Watch this short video to see how that works.

These are all basic things that SC, for some reason, struggles with. I did this almost 30 years ago - and never had to change that tech; other than to improve on it over time.

Well, I-War 2 had the best traversal I’ve seen in any space game so far (fairly authentic, too). It had jumps but you could go seamlessly from a point to the other “manually”, so to speak, if you preferred. It worked marvelously well.

Even low-budget, indie games like Evochron figured that out. Had SC been developed right, it wouldn’t be a problem there either, but the fact that they went with CryEngine because of “visual fidelity” only shows where their priorities are. :(

My BC/UC games also have that.

Well, the free-flight week is off to a good start.

Everything (website, auth/login, forum, CDN etc) is broken

Well, I’ve played BC3000AD on release (yes, I still have that silver/chrome box in storage, and I had to import it even). It was a loooong time ago and I remember the wormholes and all, but not the seamless part of traversal. Even then, it didn’t induce the same sense of awe I had with the FTL drive in I-War 2.

Oddly enough, my favorite part of BC3000AD was the fact that pilots/marines had schedules and fatigue, and you had to manage that. I still wait for a game that has the captain of a ship handling that kind of stuff. Maybe I’ll make one someday. ;)

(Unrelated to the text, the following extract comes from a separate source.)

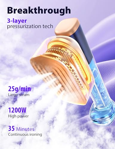 Specification: Travel Steamer for Clothes with 180 ml Water Tanks,15s Fast Heat-up,24 g/min Strong Steam Performance, Portable Garment Steamer with Touch Control, LED Display, Steam Iron(Blue Gold)

Also, in 3.3.6 which they released a few days ago ahead of today’s event, they moved the starting spawn point from Lorville back to Port Olisar. I couldn’t believe that they did that. but it makes sense because Lorville is a massive performance nightmare and glitch fest. They’re hoping that new players aren’t going to stick around to find out that Lorville exists, let alone how to get there.

So with this move, to get to the Lorville location and shopping area, n00bs - in a badly broken game with horrid documentation, have to do the following:

  • spawn at Port Olisar
  • figure out how to get a ship :emot-lol:
  • take-off
  • fly about 15 mins to Hurston
  • figure out how to stay outside the no-fly-zones without dying, land etc

What do you mean by “seamless”? Are you talking about from space<->planet transition? If so, what’s not seamless about it? All I do there (as in the video above) is interrupt it with an external camera transition because of the amount of time that it would take. The same complaints that SC is currently having.

And yeah, I-War did it differently, and it was cool. But it’s the same traversal system for long distances. Visuals don’t change it.